What Theresa May Told Republicans Before Her Meeting With Trump Tomorrow

Ahead of her meeting with Trump tomorrow, British Prime Minister Theresa May joked that “opposites attract” and called on the US President to renew the “special relationship” between Britain and the United States and lead in a new, changed world. In the United States for what will be Trump’s first meeting with a foreign leader since he took office last week, May signaled a shift in foreign policy, bringing her position more in line with that of Trump.

Following a disparaging statement from the French Finance Minister earlier in the day, in which Michel Sapin said that “Madame May can go see whoever she wants. I understand she goes to see the new U.S. president given the history between the U.S. and the U.K” and added that “she is not going there to negotiate,” because allegedly “neither she nor Mister Trump are in a position to negotiate“, May decided to prove him wrong, and urged the US and UK and their leaders to stand united and confront new challenges, including the rise of economies in Asia that people fear could “eclipse the West,” the threat of Islamic extremism and a resurgent Russia.

“So we – our two countries together – have a responsibility to lead. Because when others step up as we step back, it is bad for America, for Britain and the world,” May told members of Republican Party at their retreat in a speech often punctuated by applause from an enthusiastic crowd.
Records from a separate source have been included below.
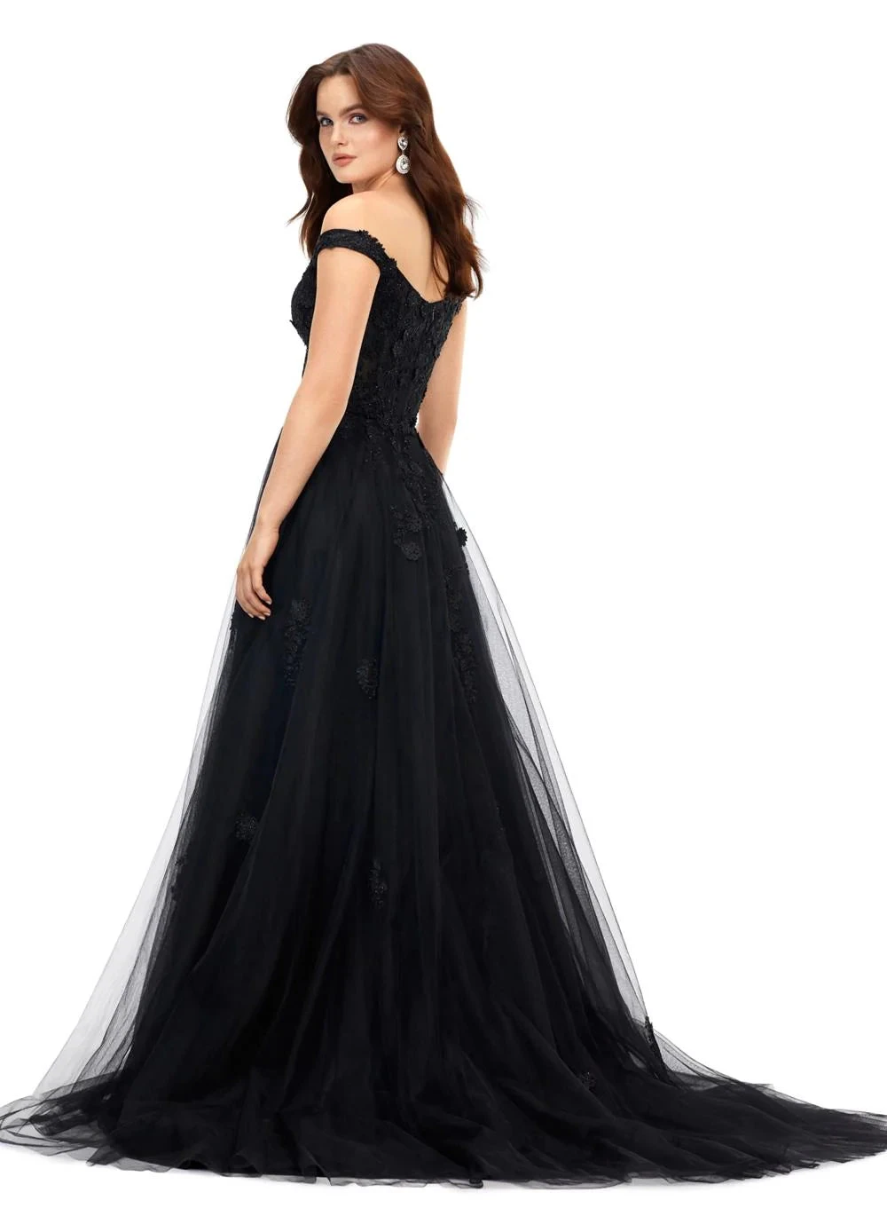 With an off-the-shoulder neckline, illusion corset bodice, and delicate floral lace appliqués, she’s both ethereal and enchanting.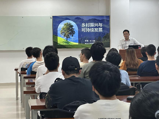 首先,梁强老师先结合国家相关政策文件,向同学们介绍了乡村振兴的必要性,讲解了持续发展的概念以及和乡村振兴之间的关系。然后,恒道壹品茶业的蔡满芬女士向同学们介绍了有机茶种植的相关知识和茶园可持续发展的模式。最后,苏冰钿老师向同学们介绍了服务性劳动课程的内容及意义,为同学们搭建了整个服务性劳动课程的理论框架。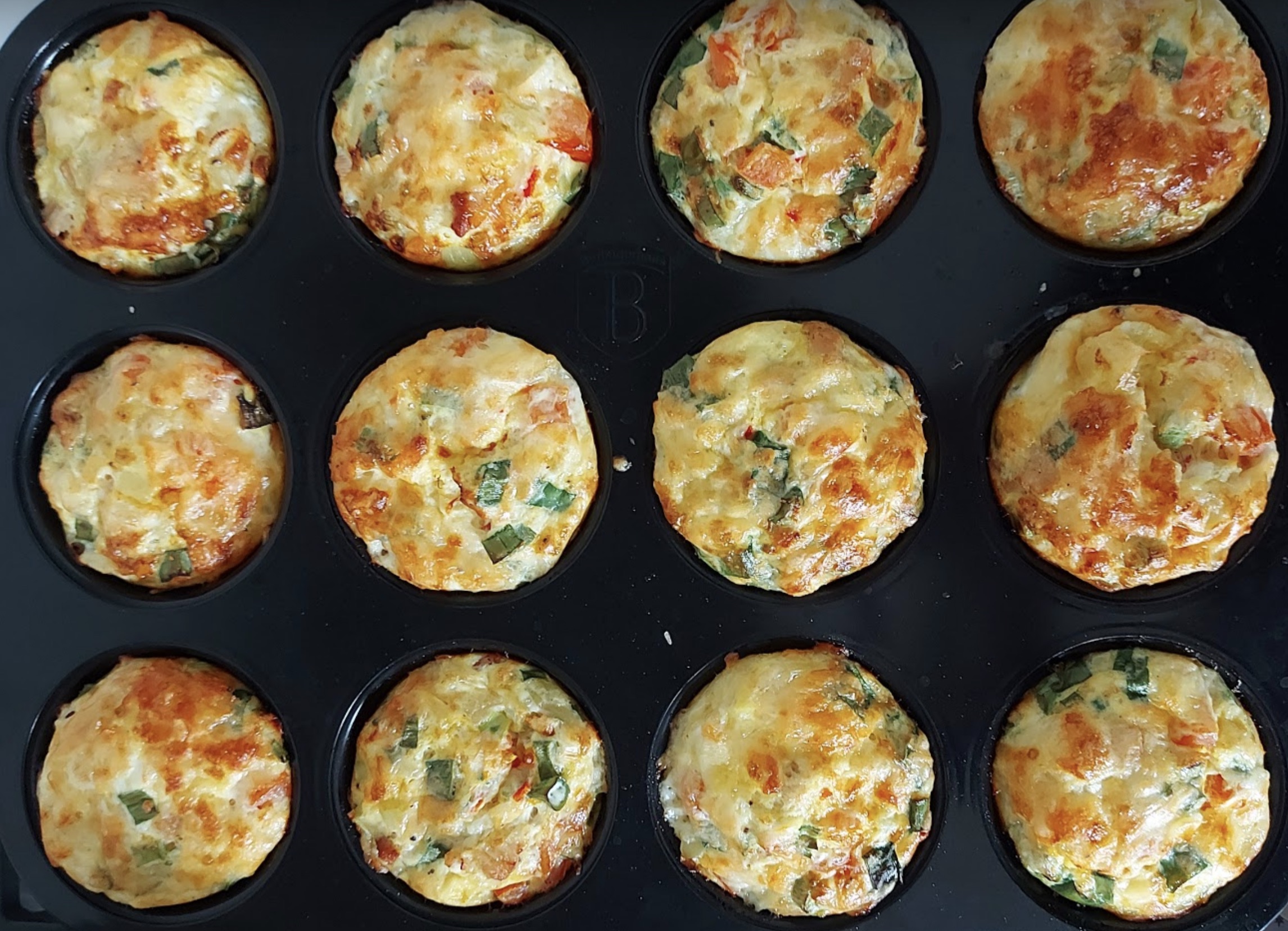 Pe lângă ouă și legume, am pus în aceste mini-omlete și niște resturi de pui călit rămase de la pastele de mai sus. S-au făcut simplu și s-au mâncat, sincer, mult mai bine decât o omletă clasică. Probabil datorită formei surpriză.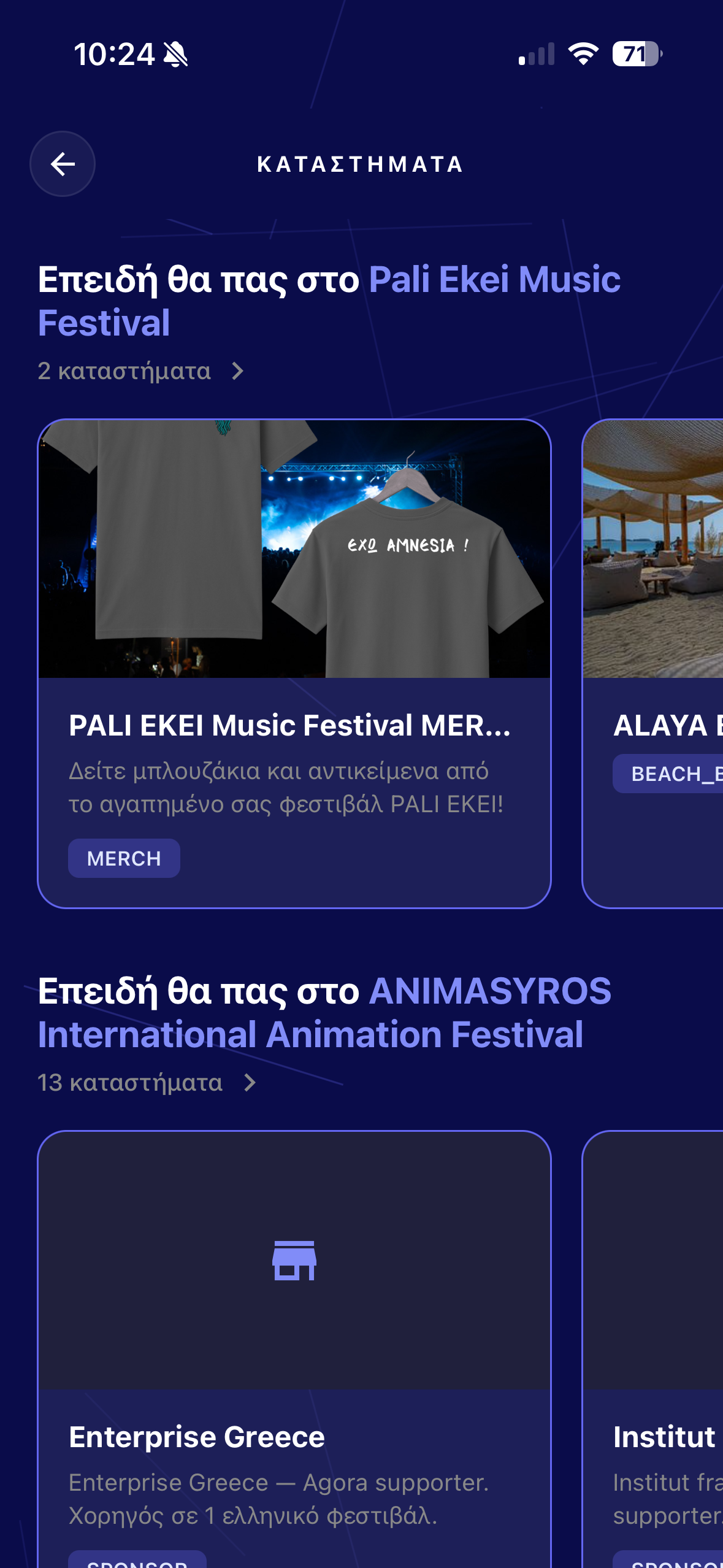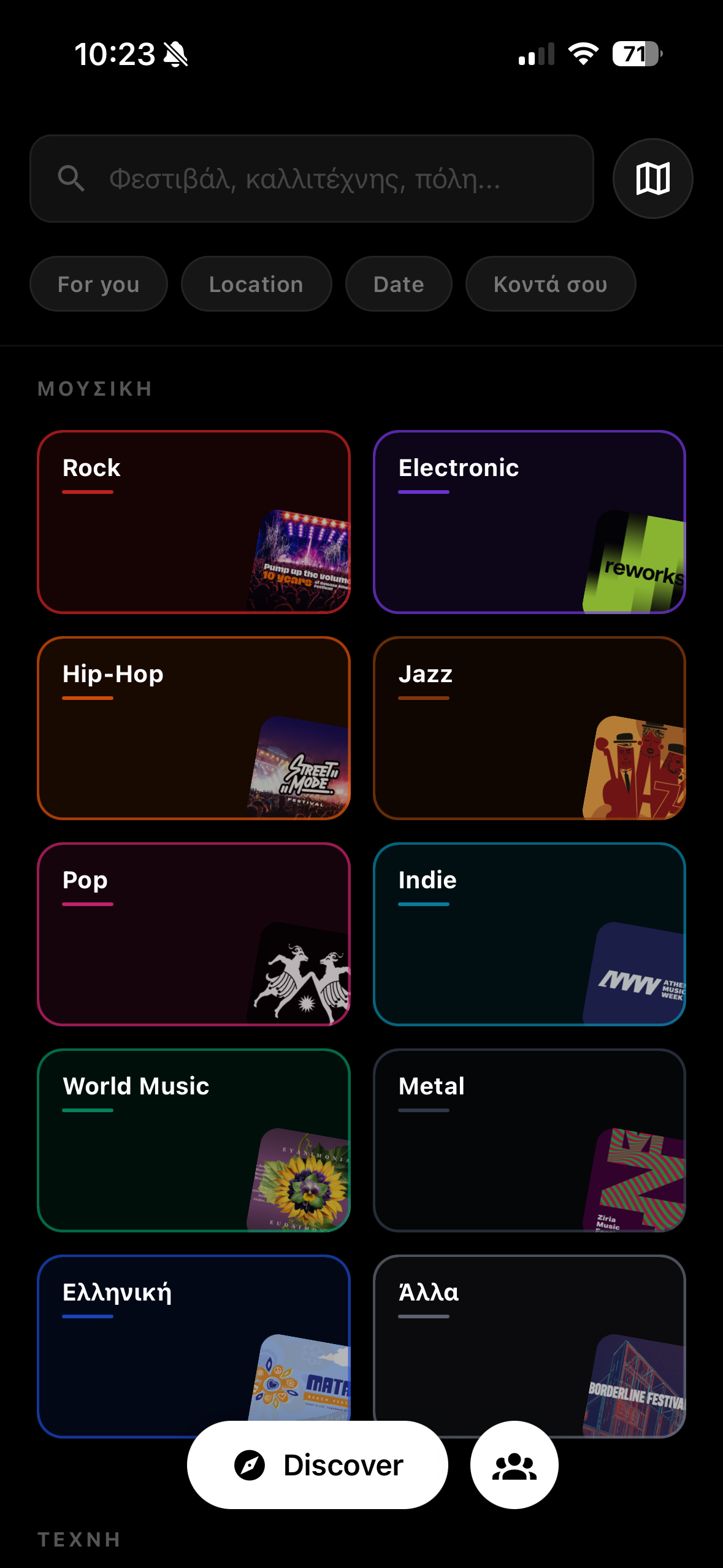Filter by genre, city or date — or just type whatever, even in greeklish. Smart suggestions, QR scanner included.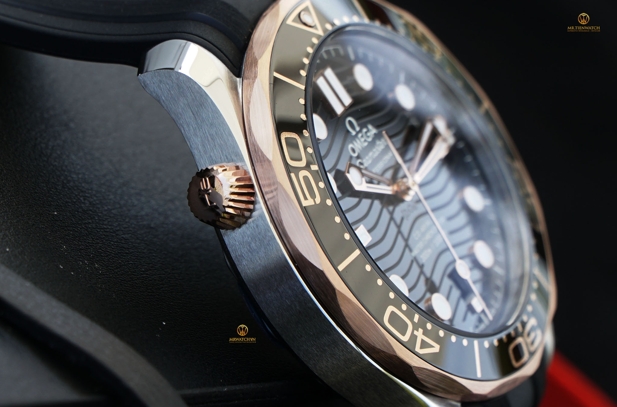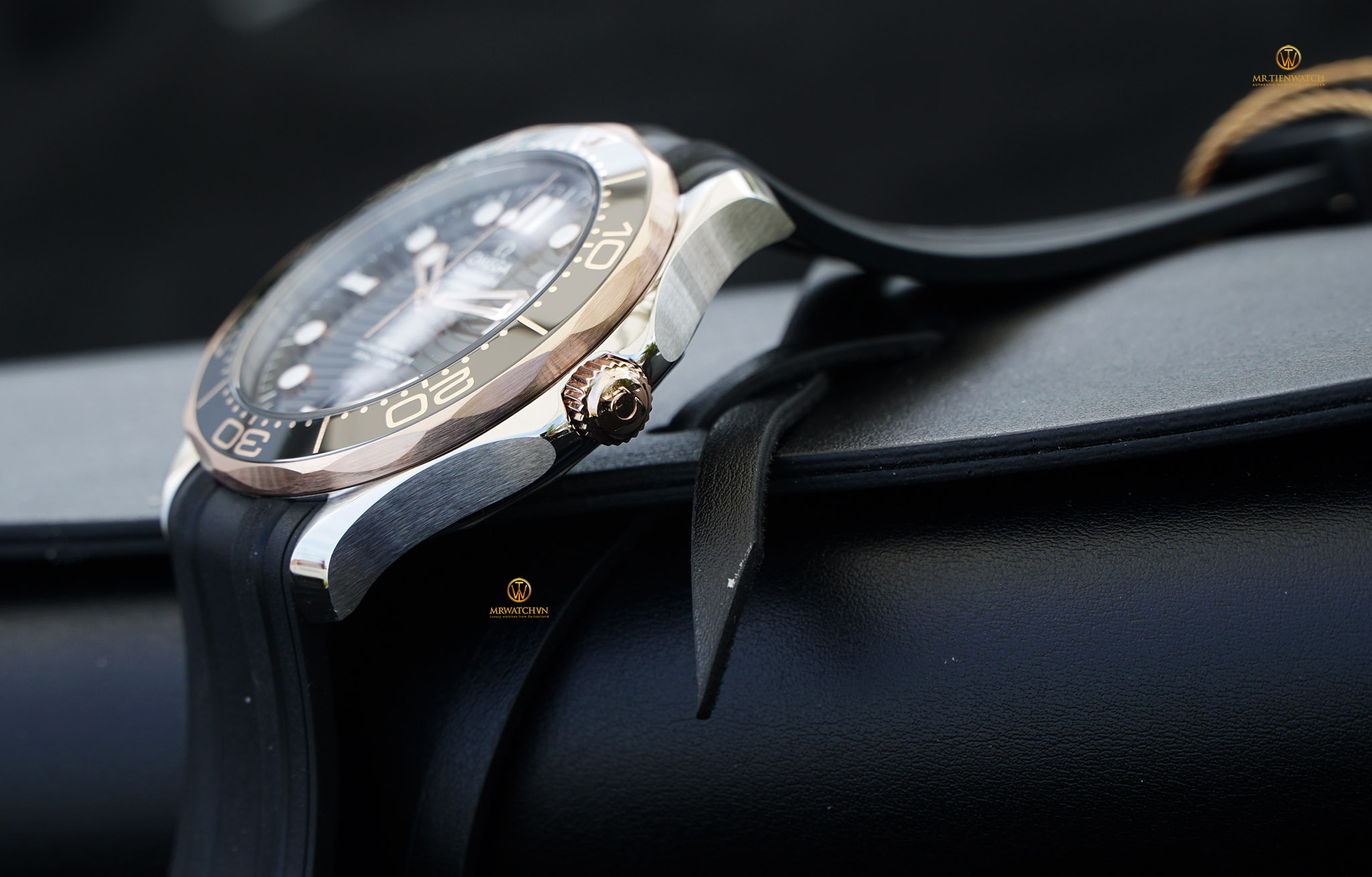 Một chút thay đổi nhỏ ở phần niềng, núm chỉnh giờ và van heli đã khiến thiết kế này trong " sang" hơn rất nhiều, lộng lẫy dưới ánh sáng và thu hút mọi ánh nhìn. Cũng có nhiều ý kiến cho rằng " vàng" làm yếu đi phong cách thể thao đặc trưng của SeaMaster 300 nhưng bản thân tôi lại khá thích thú với vàng, rõ ràng lên tay sẽ sang trọng và đẳng cấp hơn nhiều, đặc biệt khi xu hướng đồng hồ công sở đang thịnh hành như hiện nay.
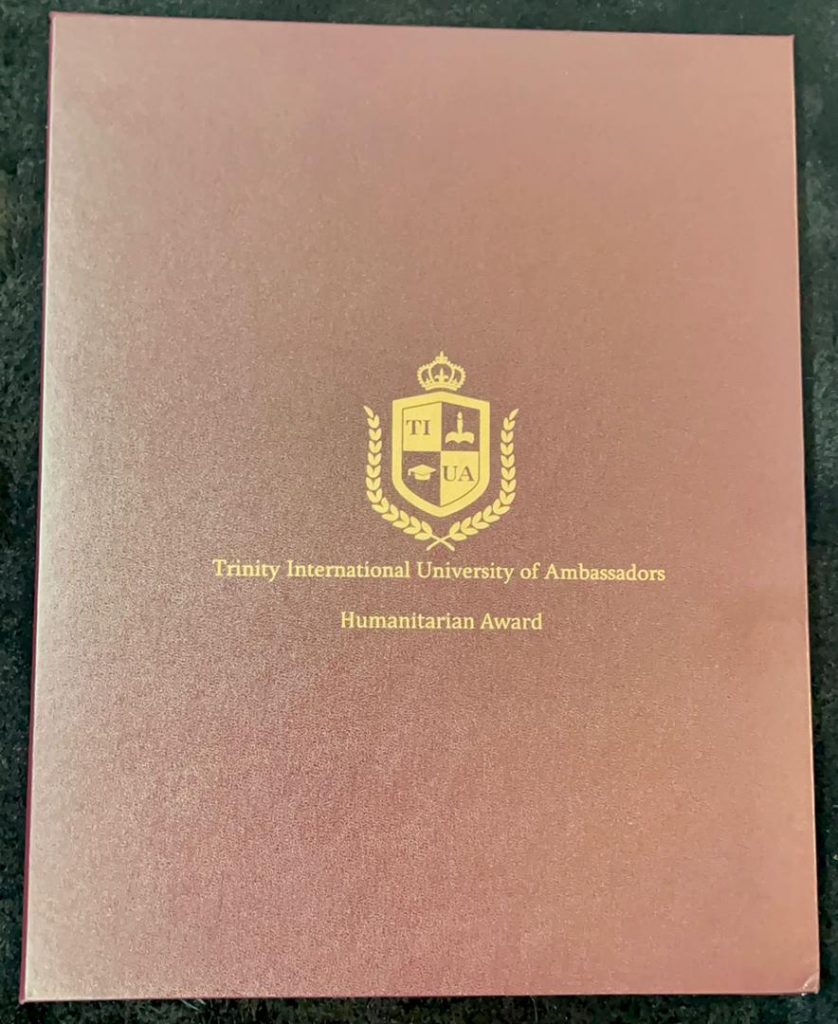 The Trinity International University of Ambassador also bestows on you an honorary Doctorate Degree.”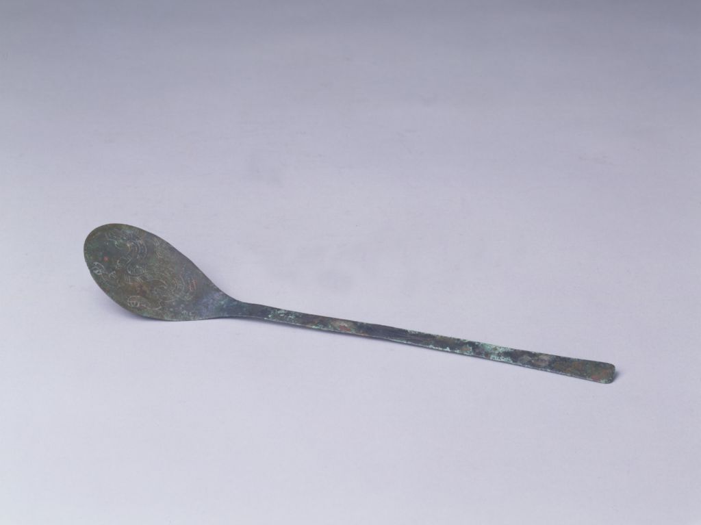 平勺长柄,微曲。通体饰有花纹,主体部位饰一兽纹,柄饰鱼纹。纹饰均为极细的单线刻成。取食器,用如今天的匙子。考古发现的匕常与鼎、鬲同出。勺为取酒浆之器,《说文》:“勺,枓也,所以挹取也。”勺与斗作用相似。以鱼与余同音,寓意“富贵有余”、“连年有鱼”。宋代南北各窑已多有用此题材,在元代景德镇、吉州、磁州、龙泉各窑制品中亦常见,至明清彩瓷中使用更为广泛。鱼或单或双,或三五追逐,鱼水相融。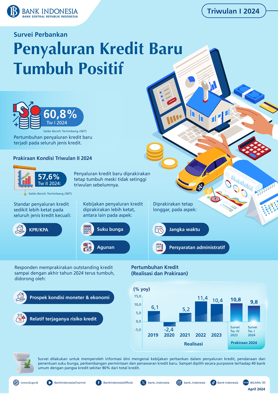 Hasil Survei Perbankan Bank Indonesia mengindikasikan penyaluran kredit baru pada triwulan I 2024 tumbuh positif, meski tidak setinggi triwulan IV 2023 sesuai dengan pola historisnya. Hal ini tecermin dari nilai Saldo Bersih Tertimbang (SBT) penyaluran kredit baru triwulan I 2024 sebesar 60,8%. Pertumbuhan penyaluran kredit baru tersebut terjadi pada seluruh jenis kredit. Selanjutnya, pada triwulan II 2024 penyaluran kredit baru diprakirakan tetap tumbuh dengan SBT prakiraan penyaluran kredit baru sebesar 57,6%.

“This cannot mean a return to the failed policies of the past. The days of Britain and America intervening in sovereign countries in an attempt to remake the world in our own image are over. But nor can we afford to stand idly by.”

Following her speech, UKIP’s Nigel Farage tweeted that “I can hardly believe Mrs May’s words about our place in the world and with America. I’ve wanted all of these things for years”  and added that the PM said “things that I could only ever have dreamt that a British Prime Minister would say.”

Some of the key points touched upon by May in her speech as summarized by Axios:

  • The U.S. and U.K. are at the start of crafting a great trade agreement, but that the new deal must serve both national interests. (This can’t happen until after Britain official leaves the EU.)
  • U.S. and U.K. should stop intervening in other countries to try to “remake the world in our image.”
  • On working with Trump, she said, “Haven’t you ever noticed, sometimes opposites attract?” She added she would challenge Trump on issues like torture.
  • When it comes to Putin, May’s advice was “to engage, but beware.”
  • She said “there is nothing inevitable about conflict between Russia and the west,” and that the countries should work to make “cooperation more likely than conflict.”
  • She is pushing for major reform of multinational organizations to better serve the nations that formed them. She added, “The most important institution is and should always be the nationstate.”
  • NATO should be “as equipped to fight cyber warfare” as it is to fight conventional warfare.
  • U.S. and U.K. should work together to fight the “evil ideology” of “extremist Islamism

Of note, as Reuters points out, is her break with the interventionism that launched wars in Iraq and Afghanistan underscores a change in global politics. It also fits with Trump’s move to put “America first” and scores well with voters in Britain whose feeling of being left behind by globalization helped fuel Britain’s vote to leave the EU last year that propelled May to power. Aware that Brexit will shape her legacy, May welcomed her early visit to the United States, a boost to her attempts to show that Britain can prosper outside the European Union despite criticism at home for cozying up to Trump.

On her U.S.-bound flight, May concentrated on similarities with the U.S. leader, who some reporters suggested had a style in stark contrast to her more cautious, restrained approach. “Haven’t you ever noticed … sometimes opposites attract?” she answered with a laugh

The biggest open issue, however, is trade, and the desire of both nations to eventually sign mutually beneficial bilateral contracts.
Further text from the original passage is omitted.